Optimize the given metric by weighting multiple errors using a grid-search approach.

To achieve this, a weighted (anomaly) score will be created. If there is only one parameter, the score will be aggregated and it will be checked if it exceeds a given value \(\tau\). If the score is higher than a given \(\tau\), the value is labeled as an anomaly.

If there are multiple error components \(e_i\), all combinations of error weights (params) which are less or equal than 1 are used to calculate an error score. For two errors (e.g. AnoGAN), a datum will be anomalous if \(\lambda_1 \cdot e_1+(1-\lambda_1) \cdot e_2 >= \tau\).

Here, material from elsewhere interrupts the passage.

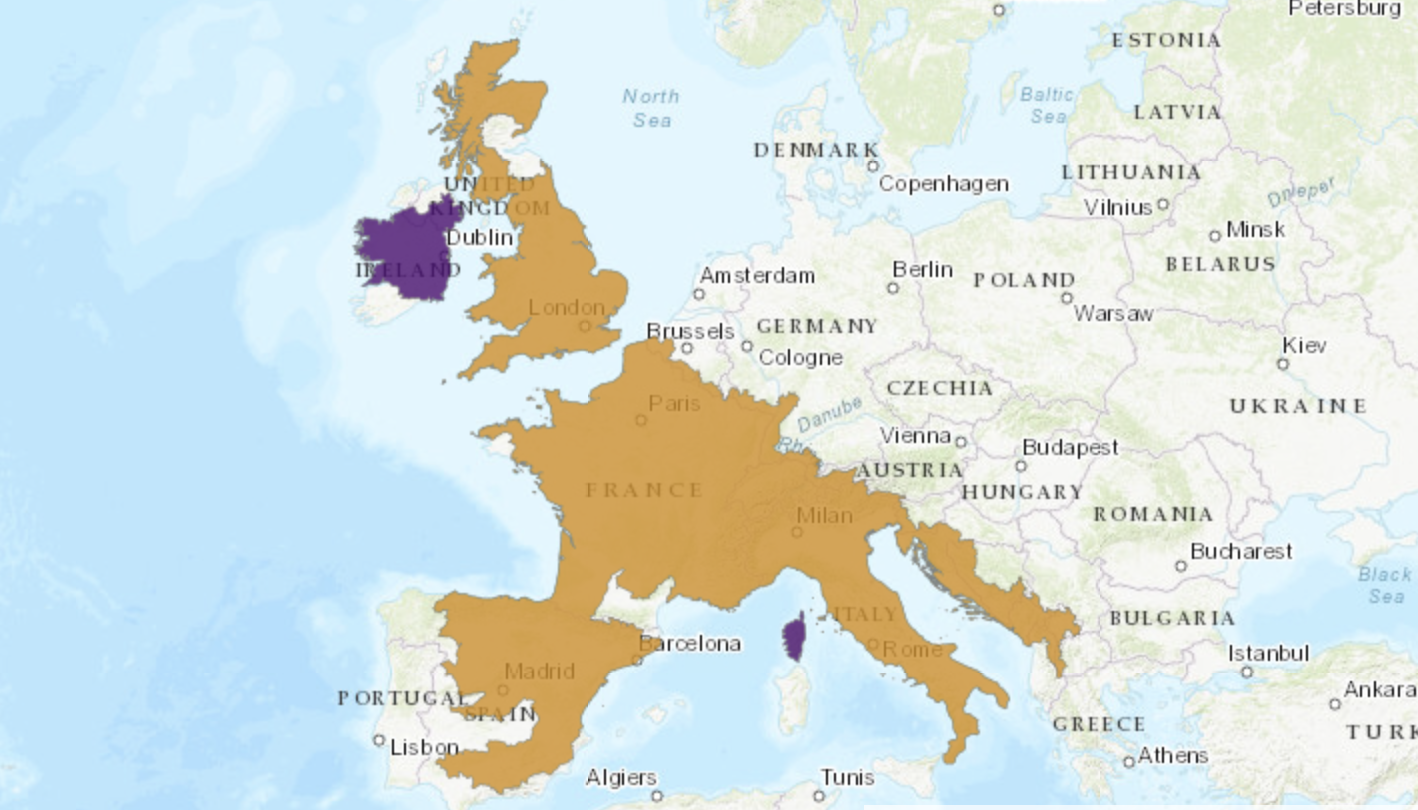 Útbreyðsla EFH um Evrópu
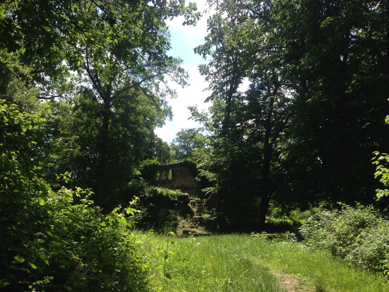 A view of Eberbach Castle as you come to it from Eberbach.

This holds true for multiple errors \(e_i\) and lambdas \(\lambda_i\):

\[\lambda_1 \cdot e_1+\lambda_2 \cdot e_2+....+\lambda_{n-1}+e_{n-1}+\left(1 - \sum_i{\lambda_i}\right) \cdot e_n \geq \tau\]

Note

While \(\tau\) can take arbitrary values, the weighting factors have to add up to 1! To avoid overwhelming error components, you might want to normalize the errors.

Parameters
  • errors (List[Tensor]) -- List of error Tensors.

  • metric (MetricType) -- The type of the metric that should be optimized.

  • taus (List[float]) -- Search range for optimizing the threshold tau.

  • params (List[List[float]]) -- Ranges of weighting parameters (requires n-1 weights for n tensors). Only params adding up to <1 are considered, you do not need to ensure this tho.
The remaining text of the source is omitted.